As a set of campaign FAQ’s make clear, the effects of the UK’s biased tax rules are not limited to the UK itself, as they also incentivise overseas tax avoidance by UK-based multinationals – depriving poorer countries of tax revenues that are essential for fighting poverty. And this is clearly at odds with the UK government’s efforts to tackle global poverty and help developing countries to end their aid-dependency.

Campaigners therefore argue that the UK government should take action on tax dodging on its own, while continuing to engage in global processes to fix the international tax system. They write: “By committing to a UK Tax Dodging Bill within the first hundred days of taking office [after the general election in May 2015], UK political parties would demonstrate the UK’s commitment to tackling the problem of corporate tax dodging, showing leadership and setting the bar higher for global reform.”

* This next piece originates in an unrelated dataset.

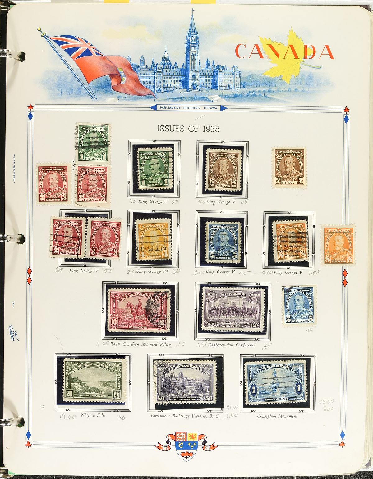 Collection used Canada, 1870's-2019's, containing several hundreds of stamps neatly organized on hundreds of Unity album pages, housed in 9 binders. The collection begins with a small selection of Victorian and Edward issues, and continues with partial sets of Scrolls, Arch, with complete sets of both Pictorials, War, and Peace issues. The collection continues with material up to the 2005, with pages sparsely filled thereafter, with empty pages from 2016 to 2019. A nice starter collection, with the pages alone being worth a few hundred dollars. Estimate =
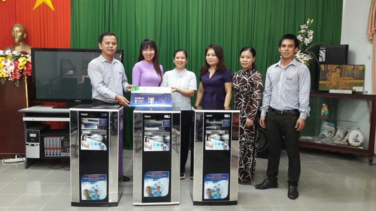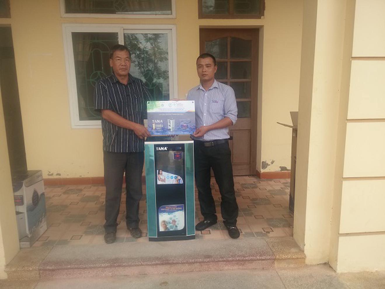 Đại diện Tân Á Đại Thành trao tặng máy lọc nước cho cán bộ khu di tích Sơn Mỹ - Quảng Ngãi. Ảnh: Hồng Linh

However, the Tax Dodging Bill campaign recognises that stopping corporate tax avoidance in the UK and developing countries will ultimately require action at an international level. Although some official measures have been taken through the G20 group of countries and the OECD, progress remains slow and efforts don’t go far enough to prevent big companies from shifting profits and dodging tax. Oxfam are therefore proposing a World Tax Summit that would be more far-reaching and give an equal voice to those poorer countries excluded from current negotiations, which is planned to take place alongside the UN Financing for Development conference in Ethiopia in July 2015.

Share The World’s Resources is not a formal member of the Tax Dodging Bill coalition, but supports its aims as well as the essential framing of its message: that corporations must pay their fair share of taxes, as this is a key part of the established and most important system of sharing that we have (yet) created.